In this world that is sometimes nice, sometimes not, and sometimes blows up in your face, you often meet people who don’t enjoy life.
You can generally tell if someone is not enjoying by their crying, taciturn nature (as in, uncommunicative) or apathetic attitude (as in, nothing matters), but not always.
Some people who repeatedly say, “I feel depressed” (not clinically, but sad nonetheless) risk labeling themselves and initiating a self-fulfilling prophecy.
Nonstop melancholy kills happiness when brooding (as in, deep unhappiness of thought) becomes a controller of character.
When life isn’t the way we want it to be, disappointment hits us. Reality feels like it isn’t all it’s cracked up to be. Something is missing. Something more. What it is remains beyond our reach.
As clinical psychologist, Leon F. Seltzer, PhD said, “Whenever you feel that something vital is missing from your life, yet lack the drive to pursue it, you’re afflicted with this curiously “emotionless” emotion” called “apathy” which is, “essentially the feeling of not feeling” (The Curse of Apathy).
You yourself might not be enjoying at this time (or overall). Maybe that’s why you’re here.
For a lift.
But if all joy is fleeting, like the clown says, then so is “despair,” “despondency” and “apathy”– possibly. If all emotions—including the “bad” ones—are fleeting, then one need only let them pass fleetingly.
Some people who are not enjoying argue they can’t help themselves. If you were in their shoe, you wouldn’t enjoy life either.
“Look around,” say the rightfully sad, depressed and angry. “The world is a mess and getting messier still.”
“75% of Earth’s Land Areas Are Degraded”
(source: National Geographic).
With the destruction of nature—not to mention daily aggravation, physical and mental decline topped off by tragedy—depression seems only natural and inevitable for any thinking person.
In life there is death, disease and dismemberment—not to mention poverty, loneliness and the heartache of psoriasis.
One approach to unpleasant emotion is to go stoic. Think: “Do what you can and let the rest unfold as it will anyway.
This is reality. You are not super-human. You can’t control the world, only your reaction.”
So say the philosophically stoical who endure pain and hardship without showing feeling or complaining.
Cue music: “Help I’m Alive” by Metric (2009)
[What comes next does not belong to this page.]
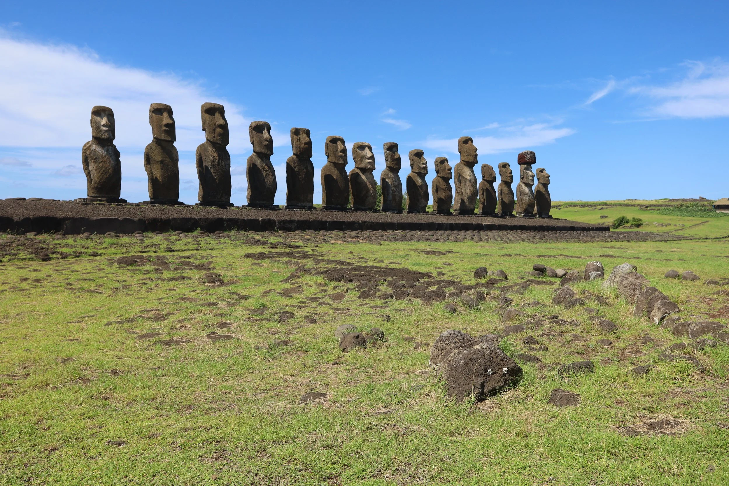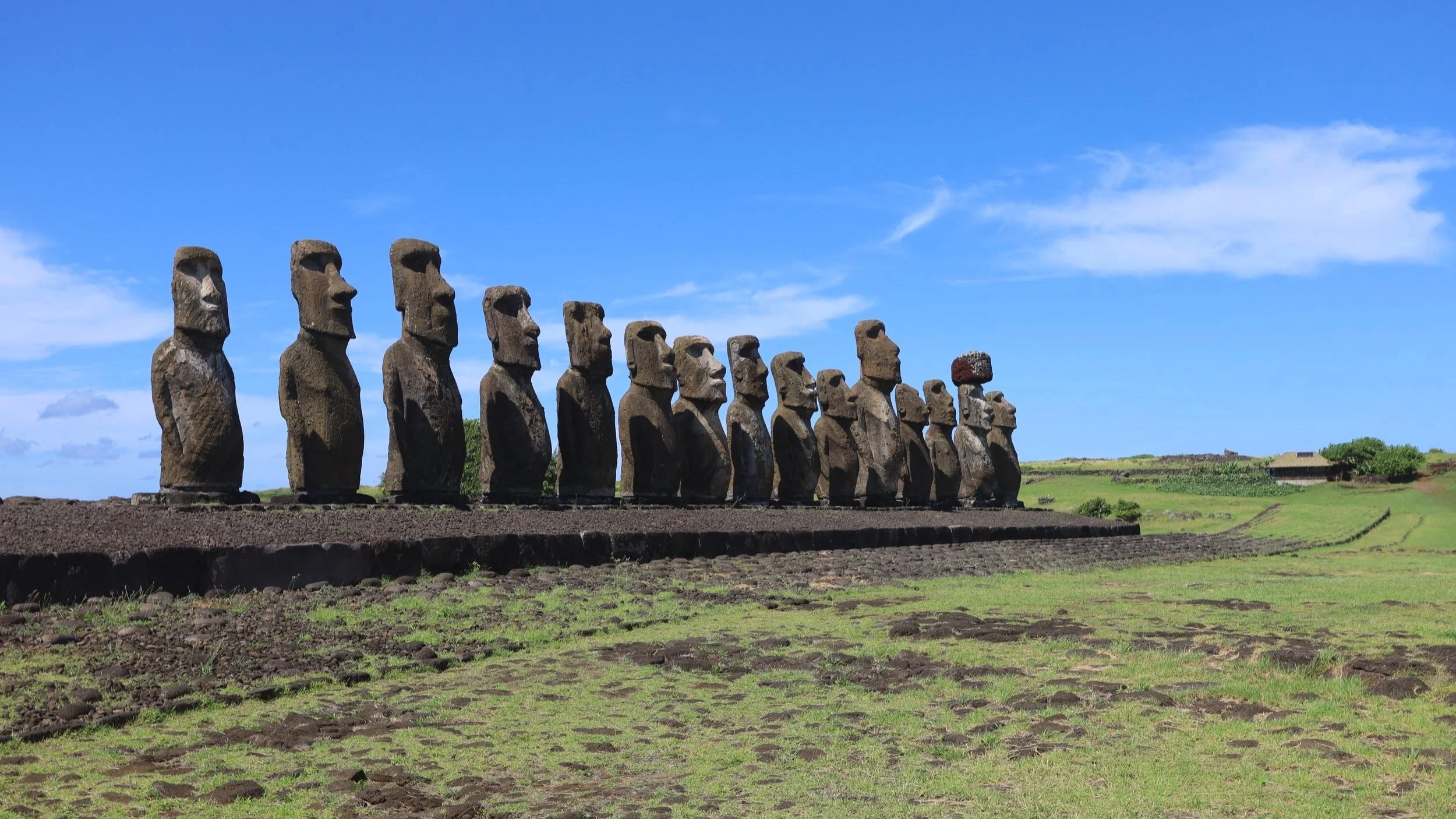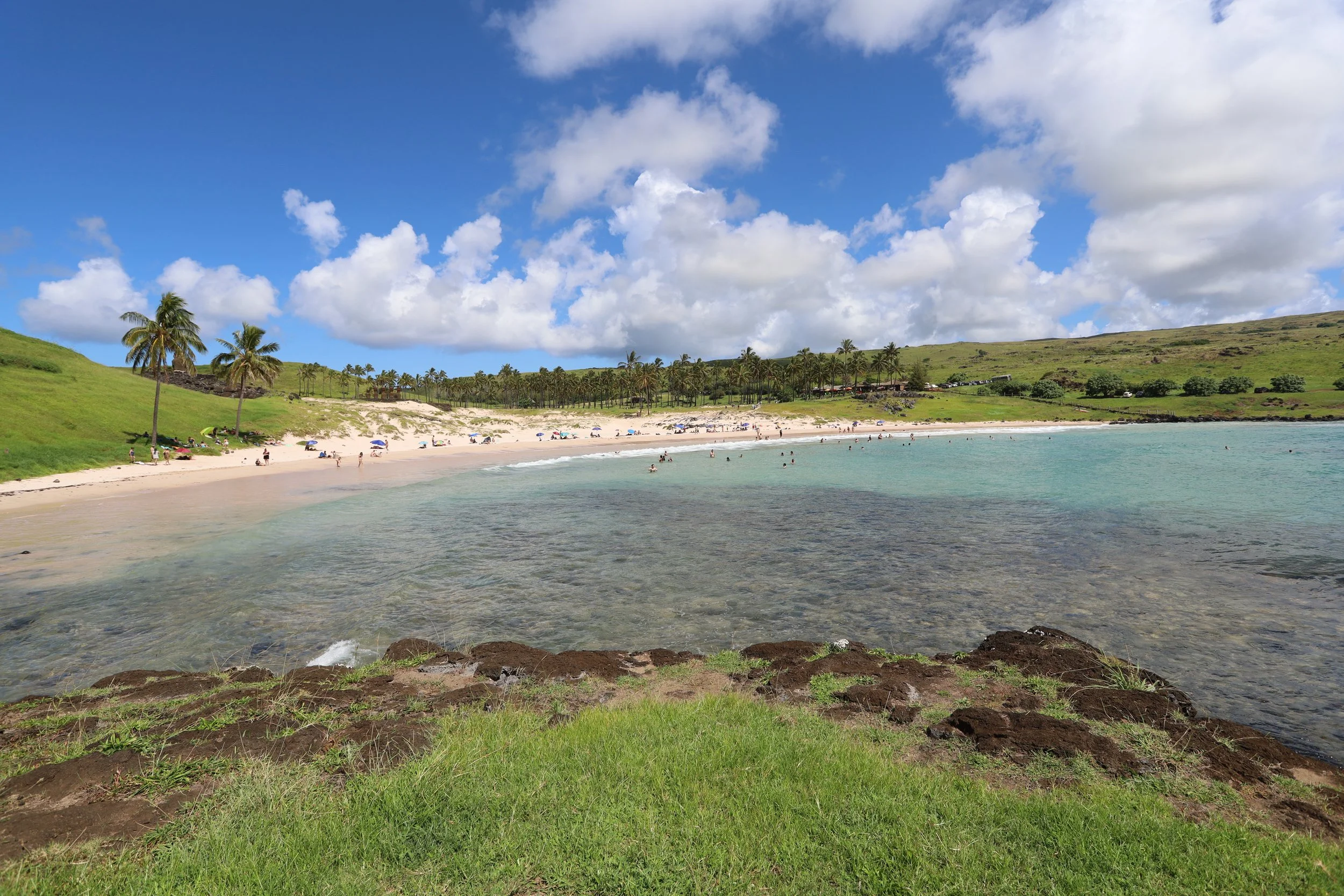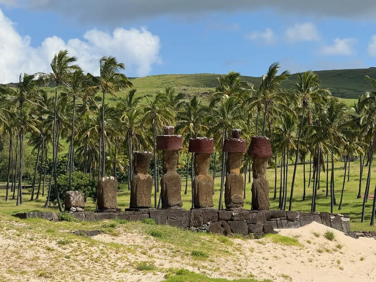 Anakena — the moais who scored on the “location, location, location” angle. Pretty little sand beach

Let time and distraction work their magic. Focus on ups, not downs and don’t take feelings serious. You can’t rely on externals. You can only rely on your own responses.
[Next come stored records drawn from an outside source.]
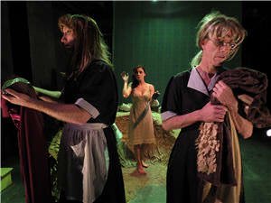 The two maids (sisters actually) role-play their fantasies concerning The Mistress. These games feature one sister playing The Mistress as the other sister plays herself. The roles then are reversed. We see how the line between admiration, love, contempt and loathing becomes obscured during the role-playing. Playwright Genet gives each of the maids—Rich Logan (Solenge) and her little sister Claire (John Arthur Lewis) long speeches that vividly depict their emotional shifts that become tedious and redundant quickly. This was caused by starting the play at a high emotional peek leaving no where to go. At first I was fascinated with the writing and the paranoia and obsession expressed by the servants. Slowly we hear about a possible crime committed upon the Mistress’ lover. Was it done by one of the maids? The rambling speeches become hard to concentrate on.
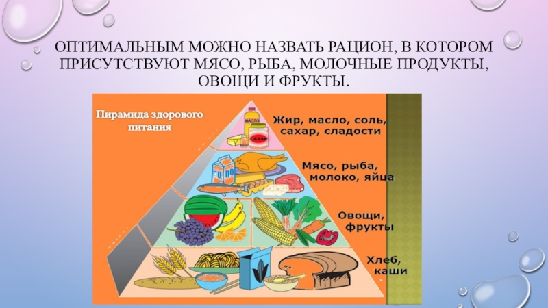 Слайд 3Оптимальным можно назвать рацион, в котором присутствуют мясо, рыба, молочные продукты,
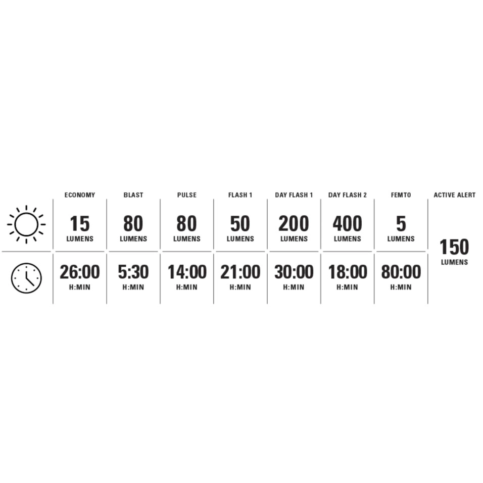 SPEZIFIKATIONEN: Max. Lumen: 400 Maximale Autonomie: 80 Stunden Batteriekapazität (mAh): 1900 Ladetyp: USB-C Gewicht: 71g Abmessungen: 70 mm, 37 mm, 47 mm Eigenschaften: IPX7, Tageslichtblitz, Alarm |
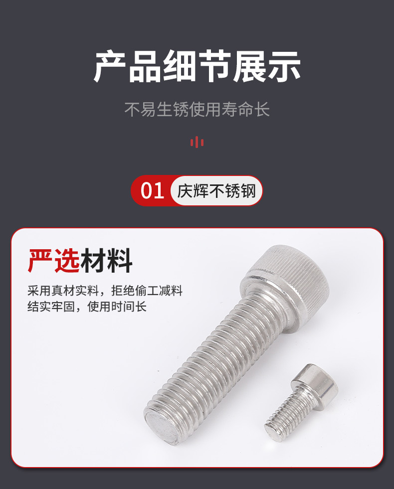 本网页所展示的有关【不锈钢内六角螺丝 304圆柱头螺栓杯头螺丝内六方螺钉厂 家供应_紧固件_瑞安市庆辉不锈钢制品有限公司】的信息/图片/参数等由鼎钢钢的会员【瑞安市庆辉不锈钢制品有限公司】提供,由鼎钢钢会员【瑞安市庆辉不锈钢制品有限公司】自行对信息/图片/参数等的真实性、准确性和合法性负责,本平台(本网站)仅提供展示服务,请谨慎交易,因交易而产生的法律关系及法律纠纷由您自行协商解决,本平台(本网站)对此不承担任何责任。您在本网页可以浏览【不锈钢内六角螺丝 304圆柱头螺栓杯头螺丝内六方螺钉厂 家供应_紧固件_瑞安市庆辉不锈钢制品有限公司】有关的信息/图片/价格等及提供【不锈钢内六角螺丝 304圆柱头螺栓杯头螺丝内六方螺钉厂 家供应_紧固件_瑞安市庆辉不锈钢制品有限公司】的商家公司简介、联系方式等信息。
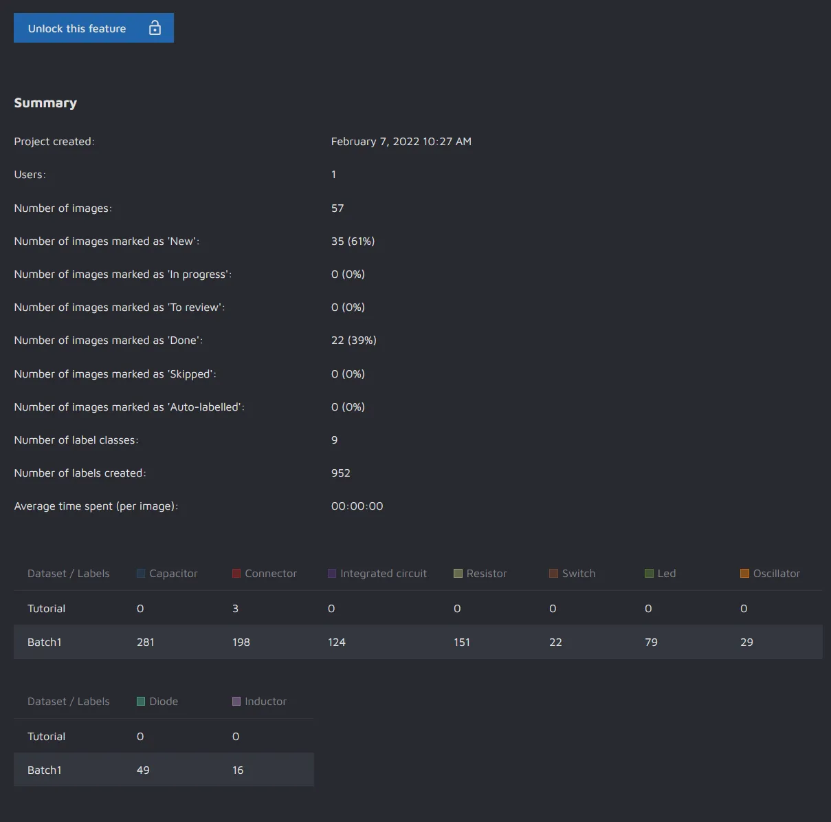 • Number of images: The total number of images in the project across all datasets;
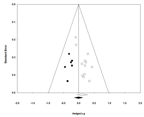 - Mavridis, D.; Salanti, G. How to Assess Publication Bias: Funnel Plot, Trim-and-Fill Method and Selection Models; Royal College of Psychiatrists: London, UK, 2014; p. 30. [Google Scholar]
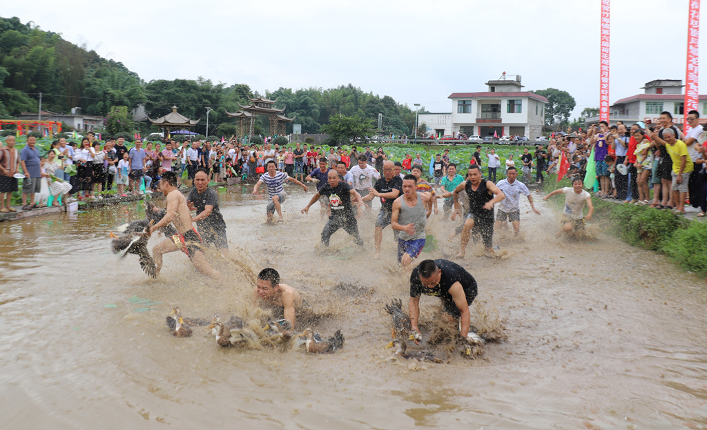 活动当天,分主会场、分会场开展了各种形式的趣味活动。除了主会场精彩的文艺表演,设在藕花洲景区的分会场也吸引了众多游客的参与。不仅有优雅的旗袍秀、书画作品展,“荷里戏鱼”、“稻田飞鸭”等趣味比赛也“收割”了不少欢呼声和惊叫声。
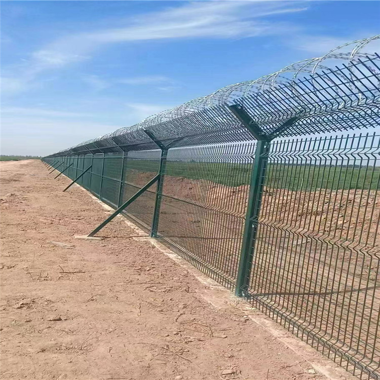 機場圍網(wǎng)、機場圍界、機場護欄網(wǎng)又叫機場鋼筋網(wǎng)圍界,是由V型支架立柱和加強型焊接片網(wǎng),安全防盜連接件和熱鍍鋅刀片刺網(wǎng)組成。機場圍網(wǎng) 機場圍界 機場護欄網(wǎng)頂部加裝刺絲滾籠,后又很好的增強了安全防護性能。采用電鍍、熱鍍、噴塑、浸塑等防腐形式,具有很好的抗老化、抗曬、耐腐蝕等特點。其產(chǎn)品造型美觀、花色多樣,既起到圍欄作用,又起到美化作用。由于具有安全性高、防攀爬能力好,網(wǎng)片連接方式采用特制SBS緊扣件,有效防止人為的破壞性拆卸,橫向四道折彎加強筋,使網(wǎng)面強度顯著增加。
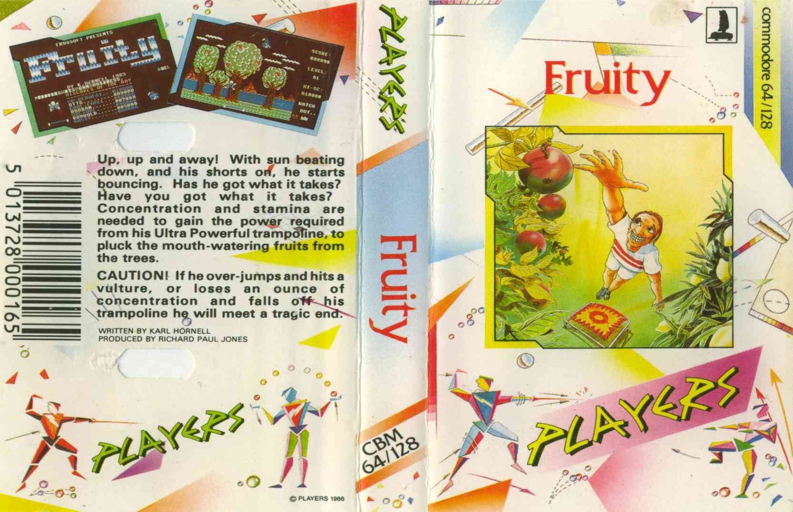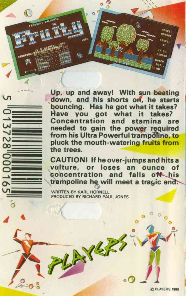 Fruity is a side view single screen game where you have to collect fruit from the trees using your ‘Ultra Powerful’ trampoline to reach the high parts of the trees to collect the fruit. You move the trampoline left or right on the bottom of the screen and you press fire to bounce higher. As you collect fruit a vulture flies across the top of the screen and sits sometimes in the top of one of the trees and if you hit it then you are carried away and a loss of one of four lives. If you hit the ground then you also lose a life.

The 1st Earl of Shaftesbury, Anthony Ashley-Cooper (not to be confused with rocker Alice Cooper) said like a stoic that it isn’t the things that happen to us that upset us, it is our judgments about them.
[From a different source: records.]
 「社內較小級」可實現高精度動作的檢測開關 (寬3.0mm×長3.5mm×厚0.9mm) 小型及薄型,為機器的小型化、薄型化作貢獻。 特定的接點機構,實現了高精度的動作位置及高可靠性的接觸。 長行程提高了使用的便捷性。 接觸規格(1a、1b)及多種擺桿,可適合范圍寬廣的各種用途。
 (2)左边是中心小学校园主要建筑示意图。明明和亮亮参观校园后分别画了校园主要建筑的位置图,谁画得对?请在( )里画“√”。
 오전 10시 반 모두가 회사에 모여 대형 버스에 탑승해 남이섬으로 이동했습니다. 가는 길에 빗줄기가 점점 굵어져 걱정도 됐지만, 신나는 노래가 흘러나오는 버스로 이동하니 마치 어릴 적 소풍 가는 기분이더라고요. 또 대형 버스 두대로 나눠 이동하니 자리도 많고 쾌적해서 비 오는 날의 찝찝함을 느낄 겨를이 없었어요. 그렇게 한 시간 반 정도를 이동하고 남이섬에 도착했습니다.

Pain is not good or bad, it’s indifferent and the key to it all is in one’s supreme goal (source: Stoicism and Pain Management).
And what is a supreme goal?
(Do you have one?)
If you’re emperor Marcus Aurelius, your supreme goal is to endure fear with courage and renounce desire with moderation.
Marcus A. would tell himself that pain is just a rough sensation, nothing more.
But if that’s the case—if reasoned self-talk removes suffering—what about someone who’s circumstances are not dire, who does the reasoned stoic self-talk without effect and remains depressed in a life not enjoyed even more than ever?
What kills enjoyment in someone who should enjoy? self-pity? bad memories? body deformity? the cruelty of others? depravity? laziness? boredom? addiction? what?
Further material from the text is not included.